▶ _Task requirements_
From the records below, please print only the lines from the one containing "Banner image of" through the one containing "The Agri-Fab 45-0462", both included. Skip the pictures.

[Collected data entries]

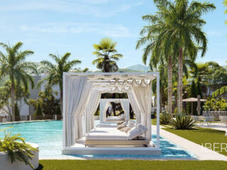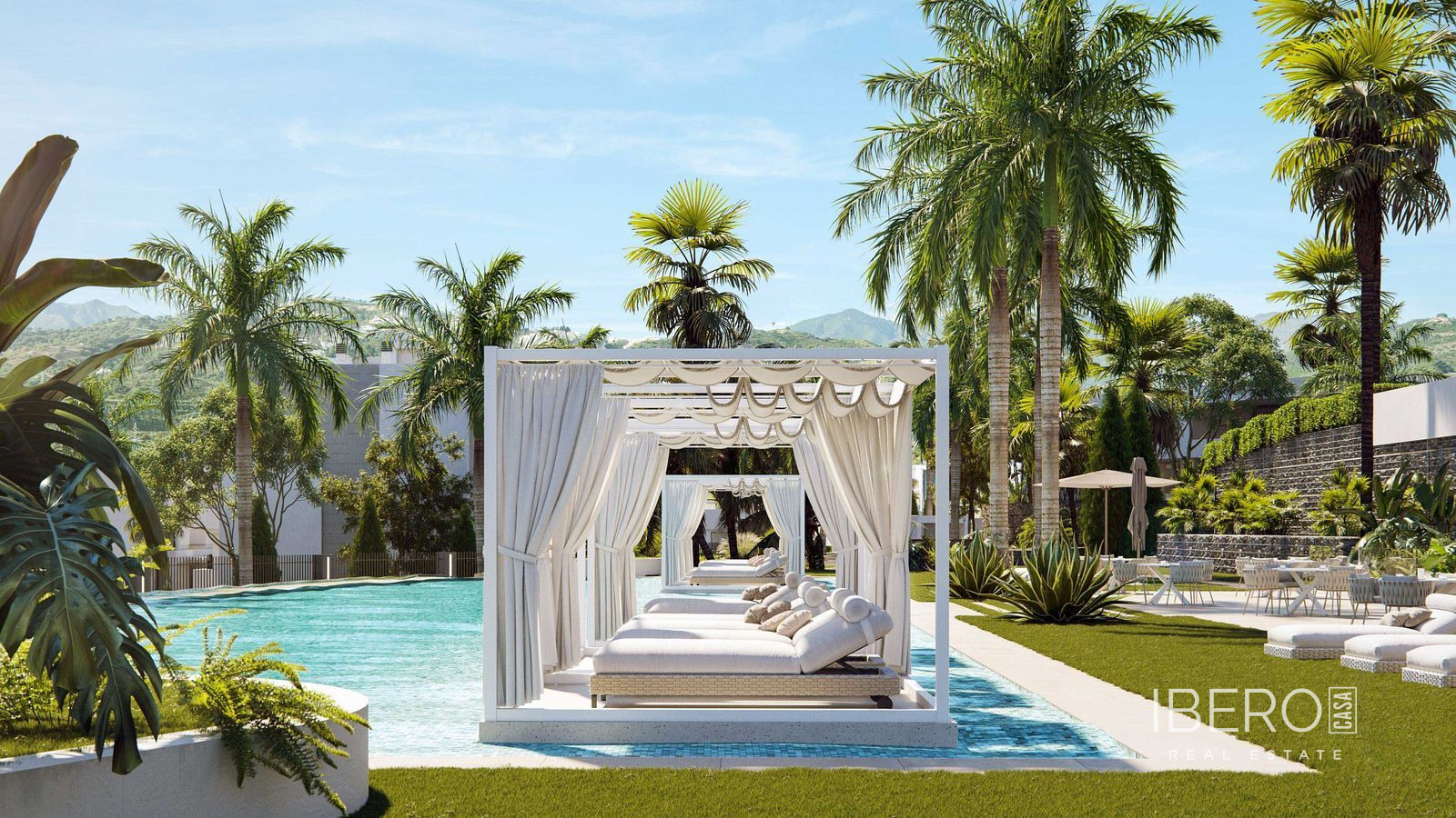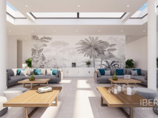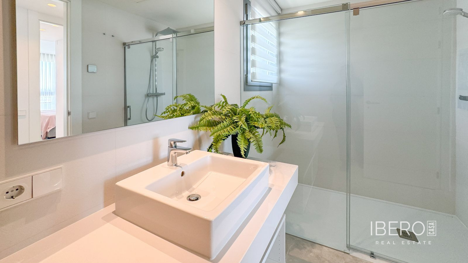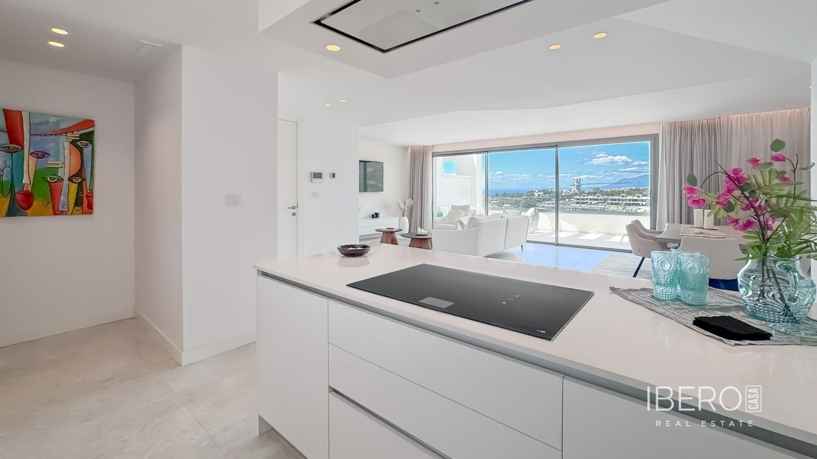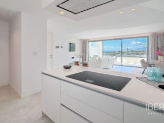 Ático dúplex contemporáneo con terraza y solárium, ambos con vistas panorámicas al mar Mediterráneo y rodeados por los fairways del campo de golf de Santa Clara El ático con orientación oeste en el campo de golf de Santa Clara le fascinará con sus pintorescas puestas de sol. Los ventanales panorámicos de suelo a techo de la sala de estar de planta abierta con comedor y cocina totalmente equipada le ofrecen una vista fantástica de las montañas y el Mediterráneo desde todos los ángulos. La terraza de 29 m2 frente a la sala de estar combina a la perfección el área interior con el área exterior, creando un ambiente de vida extremadamente espacioso y aireado. En el mismo nivel se encuentra el dormitorio principal con vistas al mar y baño en suite con bañera y ducha, así como un vestidor. También hay dos dormitorios más que comparten un baño familiar con una amplia ducha y un aseo de invitados. Lo más destacado es la magnífica azotea de 110 m2 con vistas panorámicas, que le ofrece muchas posibilidades para eventos sociales con su familia y amigos. Dentro del exclusivo complejo privado puede disfrutar de amplias instalaciones comunes para su relajación y ejercicio. Entre ellas se encuentran amplios jardines mediterráneos con 4 grandes piscinas al aire libre, tumbonas y camas chill-out, una zona lounge bar al aire libre, un spa con sauna, baño de vapor, piscina cubierta y gimnasio, así como una cafetería y un salón de coworking. - Incluye 2 plazas de aparcamiento en el garaje subterráneo y 1 trastero privado - Calefacción por suelo radiante en toda la propiedad y aire acondicionado (frío/calor) - Una casa de ensueño para vivir, trabajar y pasar unas relajantes vacaciones - Ático ideal en el sur para parejas y familias - Ubicación perfecta para golfistas - Lista para entrar a vivir de inmediato Feedback geben
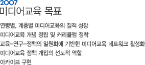 2007³âÀº °¢ ¿µ¿ªÀ» ¾Æ¿ì¸£´Â °øÅëÀÇ ¹®Á¦¸¦ º¸´Ù ¸íÈ®È÷ Çϰí, ±³À°ÀÇ ÁúÀû ¼ºÀåÀ» ²ÒÇÒ ¼ö ÀÖµµ·Ï ±³À°, ¿¬±¸, Á¤Ã¥Àû °úÁ¦¸¦ ¹ßÀü½ÃÄѳª°¥ °ÍÀÌ´Ù. À̸¦ ÅëÇØ ¼¼ °¡Áö Â÷¿ø Áï, Ä¿¹Â´ÏÄÉÀÌ¼Ç ±Ç¸®·Î¼­ ¹Ìµð¾î±³À°, Àΰ£ÀÇ Á¸Àç·ÐÀû Àǹ̷μ­ ¹Ìµð¾î±³À°, »çȸ¸¦ »ì¾Æ°¡´Â »ýÁ¸À¸·Î¼­ÀÇ ¹Ìµð¾î±³À°À» ½ÇÇöÇϵµ·Ï ÇÑ´Ù.
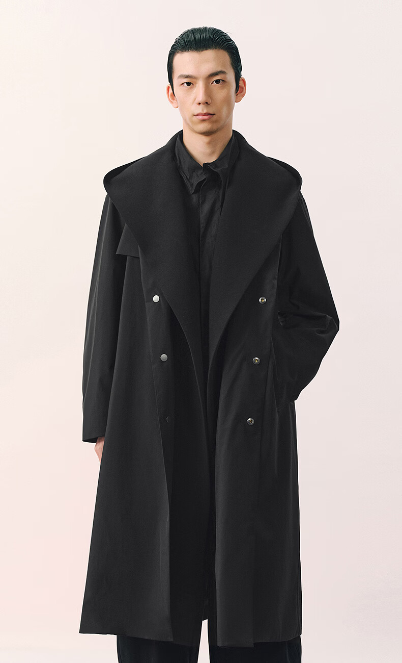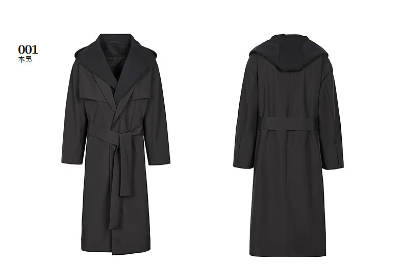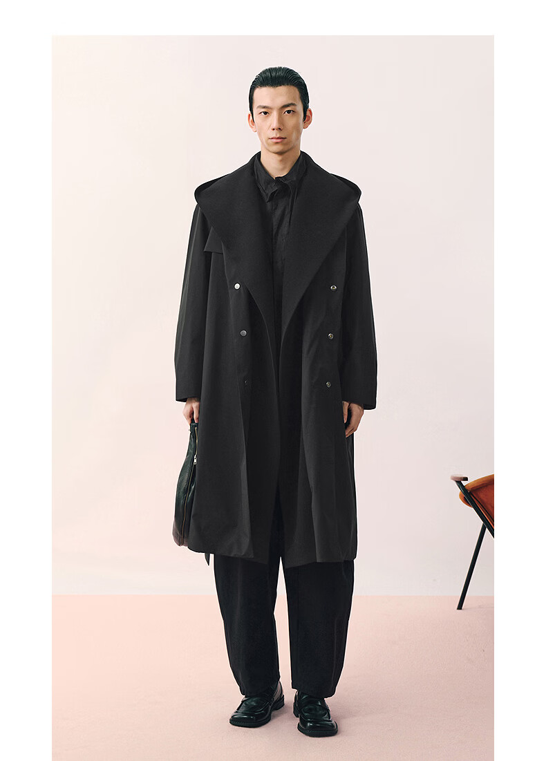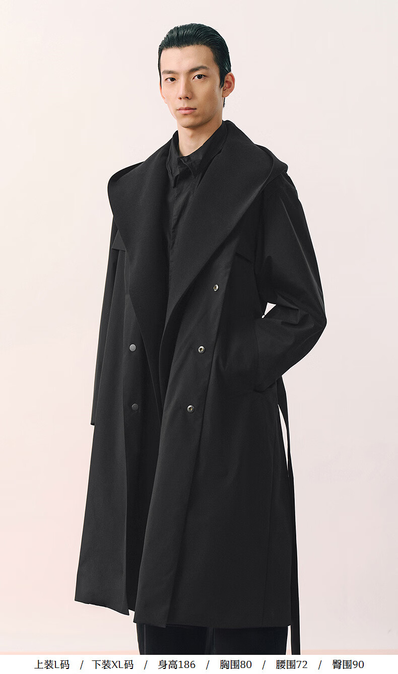 速写男装2026春新品风衣H型连帽oversize长款9Q1913680 001本黑 M
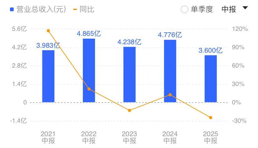 2025年上半年,移为通信营业收入3.60亿元,同比下降24.62%;归属于上市公司股东的净利润3102万元,同比减少68.57%。两个指标均延续了一季报的下跌态势,并且创下近五年来同期最低。
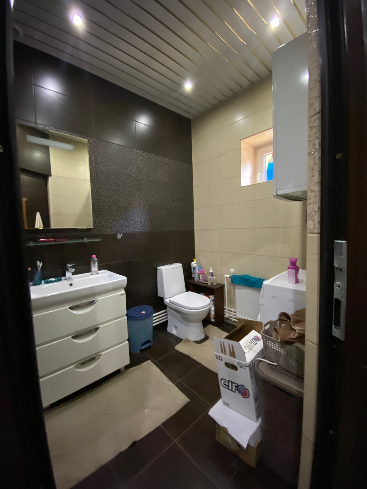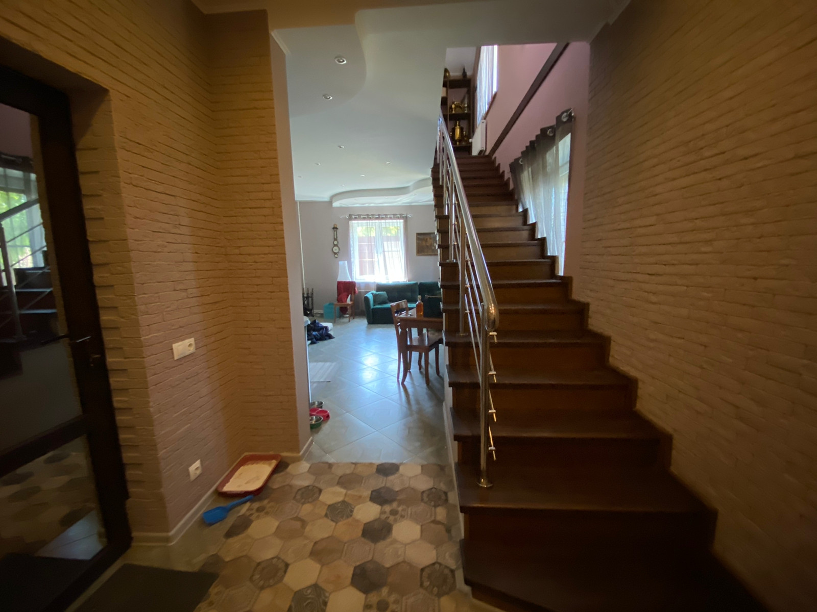 Дом построен в 2016 году, фундамент – плита утепленная с ребрами; стены из пеноблока, утеплитель + облицовочный кирпич (толщина стен 48 см);
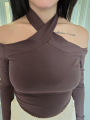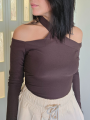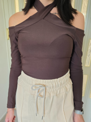 Body marrone manica lunga, con spalle scoperte e incrocio sul collo.
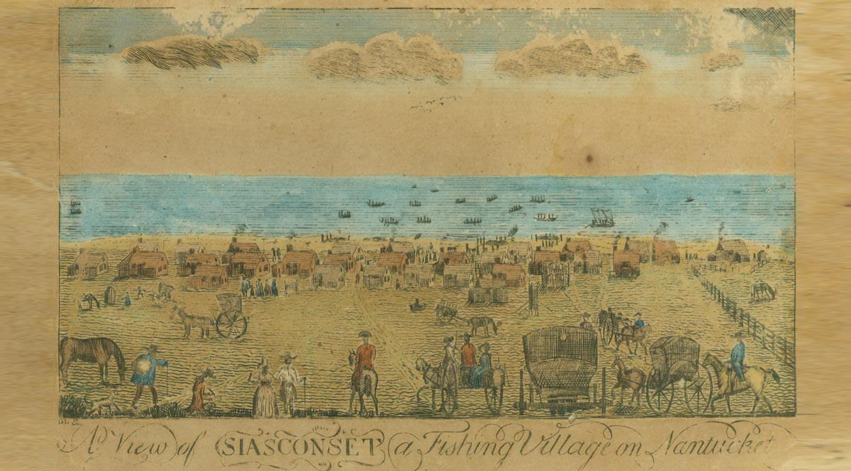 Banner image of A View of Siasconset a Fishing Village on Nantucket, colored engraving on paper, ca. 1797. 1933.0022.001
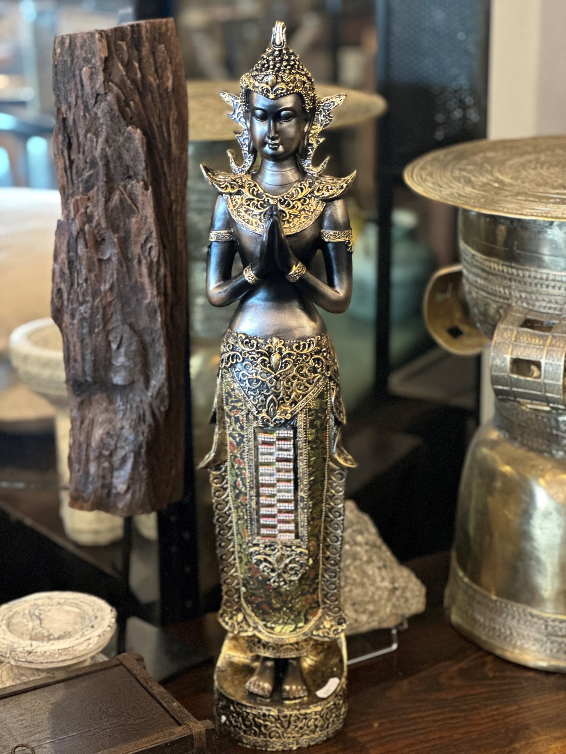 Dekorativ buddhafigur dekoreret med glasmosaik.
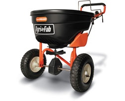The Agri-Fab 45-0462 push spreader is equipped with a large 56kg hopper, which is fitted with extra large pneumatic tyres for easy manoeuvrability.
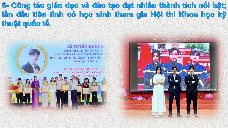 Chất lượng giáo dục đại trà và giáo dục mũi nhọn đạt nhiều kết quả tích cực; duy trì thành quả phổ cập giáo dục các bậc học; tỷ lệ huy động trẻ đi nhà trẻ đạt 49,3%, tăng 3,1% so với kế hoạch. Triển khai thực hiện tốt chương trình giáo dục phổ thông mới; tổ chức kỳ thi tốt nghiệp trung học phổ thông đảm bảo an toàn, nghiêm túc, đạt kết quả cao, tỷ lệ tốt nghiệp đạt 99,26%. Tỉnh có 02 học sinh đoạt giải Nhất Cuộc thi Khoa học kỹ thuật cấp quốc gia và tham dự Hội thi Khoa học kỹ thuật Quốc tế năm 2023 diễn ra tại Hoa Kỳ; một số học sinh đạt giải cao tại các cuộc thi quốc tế và khu vực như: Cuộc thi đổi mới phát minh Quốc tế ICAN 2023 đạt 01 Huy chương vàng và 02 giải đặc biệt; Cuộc thi toán học quốc tế Hồng Kông đạt 06 Huy chương vàng.
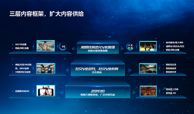 手机应用以百万计,而全球优质VR内容只有几千部。针对目前困扰产业的VR内容匮乏问题,华为结合对VR用户的理解和实际部署经验,提出VR “三层框架”以扩大内容供给。首先2D转3D,为VR产品做海量内容托底;其次增加社交属性,让VR游戏、VR教育等应用联机变现;最后开展常态化VR直播,吸引新用户、促进活跃度。

▶ _Expected answer_
 Banner image of A View of Siasconset a Fishing Village on Nantucket, colored engraving on paper, ca. 1797. 1933.0022.001
 Dekorativ buddhafigur dekoreret med glasmosaik.
The Agri-Fab 45-0462 push spreader is equipped with a large 56kg hopper, which is fitted with extra large pneumatic tyres for easy manoeuvrability.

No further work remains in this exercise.